**Task statement**. Once you reach the line that holds "Soyez le plus" in the listing below, output it and every line after it through the line that holds "为促进学生对中国大学生工程实", word for word.

**Given records**.
Content starts

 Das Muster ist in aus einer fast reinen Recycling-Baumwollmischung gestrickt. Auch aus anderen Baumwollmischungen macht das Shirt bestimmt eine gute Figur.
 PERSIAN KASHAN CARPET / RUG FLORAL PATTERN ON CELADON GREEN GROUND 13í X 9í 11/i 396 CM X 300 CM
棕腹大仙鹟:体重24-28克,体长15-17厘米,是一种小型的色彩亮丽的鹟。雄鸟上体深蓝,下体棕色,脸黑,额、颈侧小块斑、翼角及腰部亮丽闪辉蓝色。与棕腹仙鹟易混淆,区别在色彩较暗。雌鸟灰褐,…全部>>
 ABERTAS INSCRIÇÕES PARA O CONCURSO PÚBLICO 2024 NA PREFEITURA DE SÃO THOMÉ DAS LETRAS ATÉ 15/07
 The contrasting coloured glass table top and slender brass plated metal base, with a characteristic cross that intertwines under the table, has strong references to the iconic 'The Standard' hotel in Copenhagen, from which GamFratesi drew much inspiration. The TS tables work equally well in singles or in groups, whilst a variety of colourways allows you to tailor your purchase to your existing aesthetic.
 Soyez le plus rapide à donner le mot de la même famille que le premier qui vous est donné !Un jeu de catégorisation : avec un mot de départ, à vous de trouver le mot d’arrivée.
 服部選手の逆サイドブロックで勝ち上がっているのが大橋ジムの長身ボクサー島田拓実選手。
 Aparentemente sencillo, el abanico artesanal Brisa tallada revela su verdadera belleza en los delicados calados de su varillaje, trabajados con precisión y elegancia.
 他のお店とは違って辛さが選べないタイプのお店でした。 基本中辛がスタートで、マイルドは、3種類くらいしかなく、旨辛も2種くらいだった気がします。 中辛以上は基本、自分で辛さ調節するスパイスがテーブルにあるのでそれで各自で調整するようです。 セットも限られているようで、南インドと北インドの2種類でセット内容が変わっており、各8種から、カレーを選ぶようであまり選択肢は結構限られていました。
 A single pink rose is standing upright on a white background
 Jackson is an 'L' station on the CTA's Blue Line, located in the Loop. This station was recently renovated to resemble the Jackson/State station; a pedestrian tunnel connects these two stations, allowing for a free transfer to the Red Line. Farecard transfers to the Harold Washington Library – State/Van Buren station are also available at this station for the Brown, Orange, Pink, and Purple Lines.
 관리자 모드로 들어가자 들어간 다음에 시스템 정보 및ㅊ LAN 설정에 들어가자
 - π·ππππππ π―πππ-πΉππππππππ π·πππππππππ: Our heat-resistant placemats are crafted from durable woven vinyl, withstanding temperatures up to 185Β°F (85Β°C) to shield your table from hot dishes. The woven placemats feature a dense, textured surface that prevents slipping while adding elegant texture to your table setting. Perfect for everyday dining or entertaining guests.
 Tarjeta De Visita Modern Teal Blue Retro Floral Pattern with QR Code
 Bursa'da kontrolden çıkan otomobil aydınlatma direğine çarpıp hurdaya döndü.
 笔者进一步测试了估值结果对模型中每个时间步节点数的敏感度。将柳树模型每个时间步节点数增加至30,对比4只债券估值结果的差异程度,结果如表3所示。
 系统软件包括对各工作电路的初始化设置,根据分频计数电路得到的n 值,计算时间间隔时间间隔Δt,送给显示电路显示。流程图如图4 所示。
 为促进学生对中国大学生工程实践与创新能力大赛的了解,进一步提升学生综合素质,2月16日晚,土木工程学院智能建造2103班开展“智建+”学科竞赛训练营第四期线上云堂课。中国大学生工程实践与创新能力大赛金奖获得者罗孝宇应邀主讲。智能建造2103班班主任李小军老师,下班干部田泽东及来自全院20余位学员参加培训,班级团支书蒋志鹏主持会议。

Content ends
Content starts

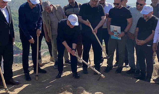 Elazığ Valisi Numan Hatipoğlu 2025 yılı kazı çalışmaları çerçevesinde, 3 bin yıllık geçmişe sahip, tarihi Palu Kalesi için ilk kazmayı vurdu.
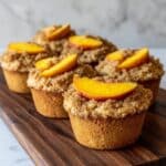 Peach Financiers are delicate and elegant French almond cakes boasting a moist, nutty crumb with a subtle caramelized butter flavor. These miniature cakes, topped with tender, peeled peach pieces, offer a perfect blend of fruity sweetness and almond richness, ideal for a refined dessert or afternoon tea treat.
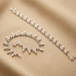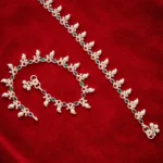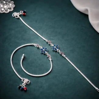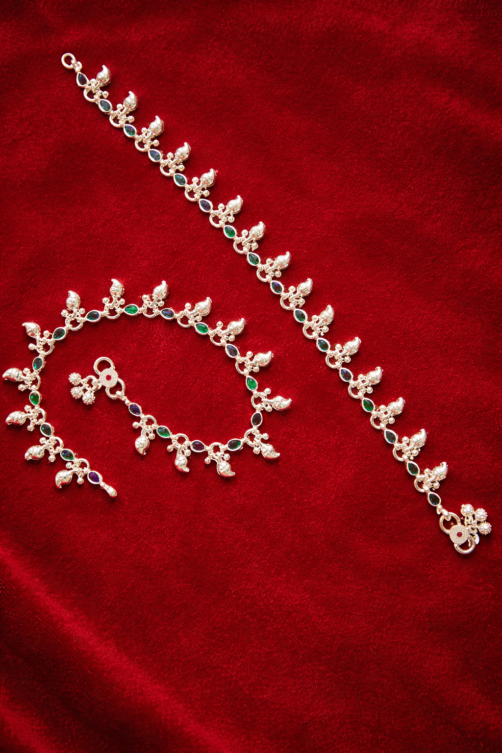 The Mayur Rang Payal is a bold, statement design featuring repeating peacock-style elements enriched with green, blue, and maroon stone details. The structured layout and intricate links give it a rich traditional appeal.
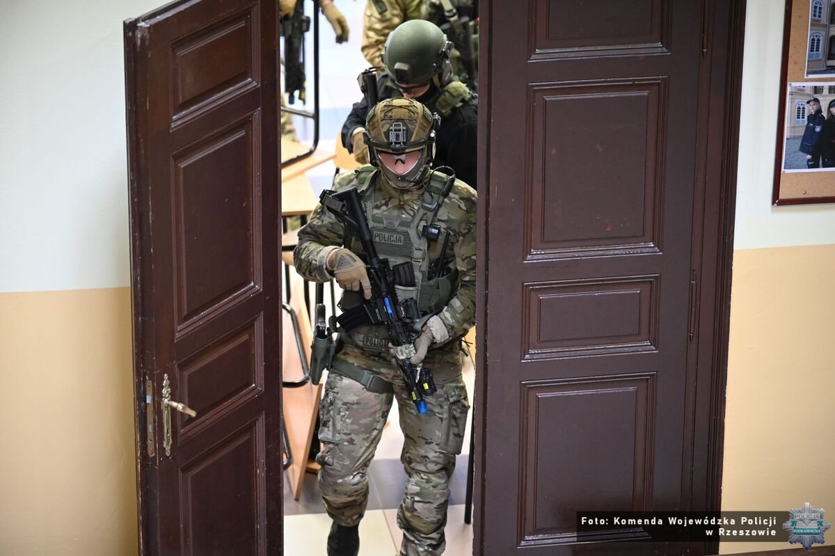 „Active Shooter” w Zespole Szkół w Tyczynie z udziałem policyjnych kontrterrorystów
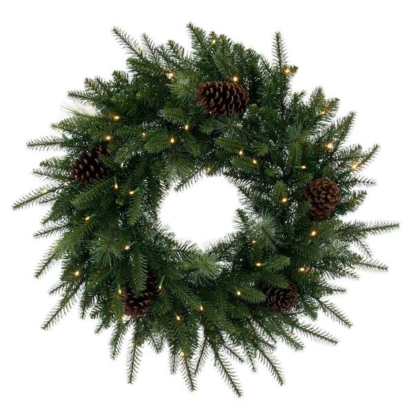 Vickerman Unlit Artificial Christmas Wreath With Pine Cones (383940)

Content ends
Content starts

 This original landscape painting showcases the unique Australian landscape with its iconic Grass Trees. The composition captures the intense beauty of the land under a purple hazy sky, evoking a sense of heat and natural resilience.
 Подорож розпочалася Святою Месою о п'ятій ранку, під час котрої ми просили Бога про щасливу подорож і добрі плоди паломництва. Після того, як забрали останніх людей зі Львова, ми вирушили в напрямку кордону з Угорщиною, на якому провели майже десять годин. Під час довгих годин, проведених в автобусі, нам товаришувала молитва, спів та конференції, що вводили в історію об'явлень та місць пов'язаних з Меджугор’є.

Content ends

**Exercise solution**.
 Soyez le plus rapide à donner le mot de la même famille que le premier qui vous est donné !Un jeu de catégorisation : avec un mot de départ, à vous de trouver le mot d’arrivée.
 服部選手の逆サイドブロックで勝ち上がっているのが大橋ジムの長身ボクサー島田拓実選手。
 Aparentemente sencillo, el abanico artesanal Brisa tallada revela su verdadera belleza en los delicados calados de su varillaje, trabajados con precisión y elegancia.
 他のお店とは違って辛さが選べないタイプのお店でした。 基本中辛がスタートで、マイルドは、3種類くらいしかなく、旨辛も2種くらいだった気がします。 中辛以上は基本、自分で辛さ調節するスパイスがテーブルにあるのでそれで各自で調整するようです。 セットも限られているようで、南インドと北インドの2種類でセット内容が変わっており、各8種から、カレーを選ぶようであまり選択肢は結構限られていました。
 A single pink rose is standing upright on a white background
 Jackson is an 'L' station on the CTA's Blue Line, located in the Loop. This station was recently renovated to resemble the Jackson/State station; a pedestrian tunnel connects these two stations, allowing for a free transfer to the Red Line. Farecard transfers to the Harold Washington Library – State/Van Buren station are also available at this station for the Brown, Orange, Pink, and Purple Lines.
 관리자 모드로 들어가자 들어간 다음에 시스템 정보 및ㅊ LAN 설정에 들어가자
 - π·ππππππ π―πππ-πΉππππππππ π·πππππππππ: Our heat-resistant placemats are crafted from durable woven vinyl, withstanding temperatures up to 185Β°F (85Β°C) to shield your table from hot dishes. The woven placemats feature a dense, textured surface that prevents slipping while adding elegant texture to your table setting. Perfect for everyday dining or entertaining guests.
 Tarjeta De Visita Modern Teal Blue Retro Floral Pattern with QR Code
 Bursa'da kontrolden çıkan otomobil aydınlatma direğine çarpıp hurdaya döndü.
 笔者进一步测试了估值结果对模型中每个时间步节点数的敏感度。将柳树模型每个时间步节点数增加至30,对比4只债券估值结果的差异程度,结果如表3所示。
 系统软件包括对各工作电路的初始化设置,根据分频计数电路得到的n 值,计算时间间隔时间间隔Δt,送给显示电路显示。流程图如图4 所示。
 为促进学生对中国大学生工程实践与创新能力大赛的了解,进一步提升学生综合素质,2月16日晚,土木工程学院智能建造2103班开展“智建+”学科竞赛训练营第四期线上云堂课。中国大学生工程实践与创新能力大赛金奖获得者罗孝宇应邀主讲。智能建造2103班班主任李小军老师,下班干部田泽东及来自全院20余位学员参加培训,班级团支书蒋志鹏主持会议。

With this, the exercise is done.